De todos los escenarios macroeconómicos posibles, la estanflación es probablemente el que más incomoda a los bancos centrales, porque combina dos problemas que normalmente se combaten con herramientas opuestas: inflación alta y estancamiento económico (bajo crecimiento y desempleo elevado) al mismo tiempo.

Por qué es tan difícil de combatir
Normalmente, para combatir la inflación se suben los tipos de interés, lo que enfría la economía. Para combatir el estancamiento y el desempleo, se bajan los tipos para estimular el crecimiento. En estanflación, ambos problemas coexisten, así que cualquier medida que ataca uno tiende a empeorar el otro — no hay una herramienta de política monetaria que resuelva ambos a la vez de forma limpia.
El precedente histórico: los años 70
El ejemplo más citado de estanflación es la crisis del petróleo de los años 70, cuando el fuerte encarecimiento del crudo disparó la inflación en las economías occidentales al mismo tiempo que el crecimiento se frenaba drásticamente, generando desempleo elevado. Este episodio marcó un cambio profundo en cómo los bancos centrales entienden su papel frente a shocks de oferta.
Qué podría provocar estanflación hoy
Los economistas suelen señalar shocks de oferta (energéticos, de materias primas, o de disrupción de cadenas de suministro) como los desencadenantes más probables de estanflación, ya que encarecen los costes de producción (impulsando inflación) sin que exista un aumento real de la demanda que sostenga el crecimiento económico.
Preguntas frecuentes
¿Estamos actualmente en estanflación? Depende del país y del momento concreto — es un diagnóstico que requiere analizar simultáneamente inflación, crecimiento y empleo, y conviene contrastarlo con datos oficiales actualizados antes de sacar conclusiones.
¿Cómo protege un inversor su cartera ante un escenario de estanflación? Históricamente, activos como el oro y algunas materias primas han tendido a comportarse mejor que la renta fija tradicional en estos entornos, aunque ningún activo ofrece protección garantizada.
Fuentes: Reserva Federal de Estados Unidos — análisis históricos de la crisis del petróleo de los 70; Banco Central Europeo.
Señales de alerta temprana de estanflación
Los economistas suelen vigilar la combinación simultánea de inflación persistente por encima del objetivo del banco central, crecimiento del PIB estancado o negativo, y desempleo al alza, durante varios trimestres consecutivos, como la señal más clara de que una economía podría estar entrando en un escenario de estanflación en lugar de una desaceleración cíclica normal que se resuelve con relativa rapidez.

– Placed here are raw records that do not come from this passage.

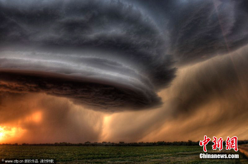 2010年12月2日消息,這些彰顯出大自然的無(wú)窮威力的照片都出自一名業(yè)余攝影師之手。34歲的Sean Heavey是一名電工,他拍攝風(fēng)暴照片的時(shí)間已經(jīng)長(zhǎng)達(dá)7年。今年,他拍攝的一張美國(guó)蒙大拿草原日落時(shí)分的超級(jí)龍卷風(fēng)照片為他贏得了《國(guó)家地理》的攝影獎(jiǎng)。圖片來(lái)源:CFP視覺(jué)中國(guó)
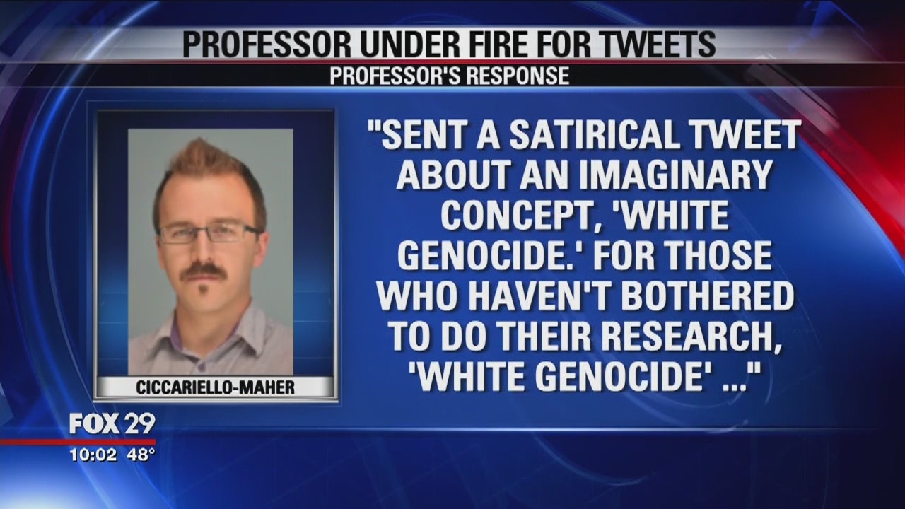 A Drexel University professor has been summoned to a meeting with school officials after he tweeted a Christmas Eve message that appeared to support "white genocide."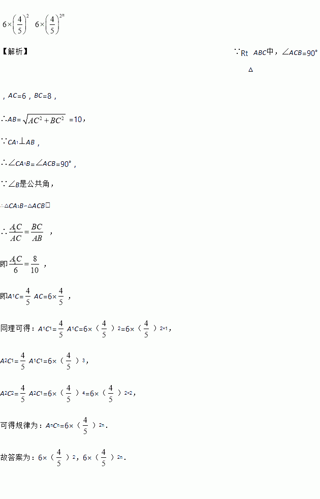 如图,已知Rt△ABC中,∠ACB=90°,AC=6,BC=8,过直角顶点C作CA1⊥AB,垂足为A1,再过A1作A1C1⊥BC,垂足为C1,过C1作C1A2⊥AB,垂足为A2,再过A2作A2C2⊥BC,垂足为C2,…,这样一直作下去,得到了一组线段CA1,A1C1,C1A2,A2C2,…,AnCn,则A1C1=_________,AnCn=__________ .

Cómo protegerse como ahorrador particular
Más allá de la cartera de inversión, en un escenario de estanflación conviene prestar especial atención a mantener ingresos diversificados (no depender de una única fuente vulnerable a la desaceleración), evitar el endeudamiento a tipo variable si los tipos de interés están subiendo para combatir la inflación, y mantener el colchón de liquidez reforzado ante la mayor incertidumbre laboral que suele acompañar este escenario.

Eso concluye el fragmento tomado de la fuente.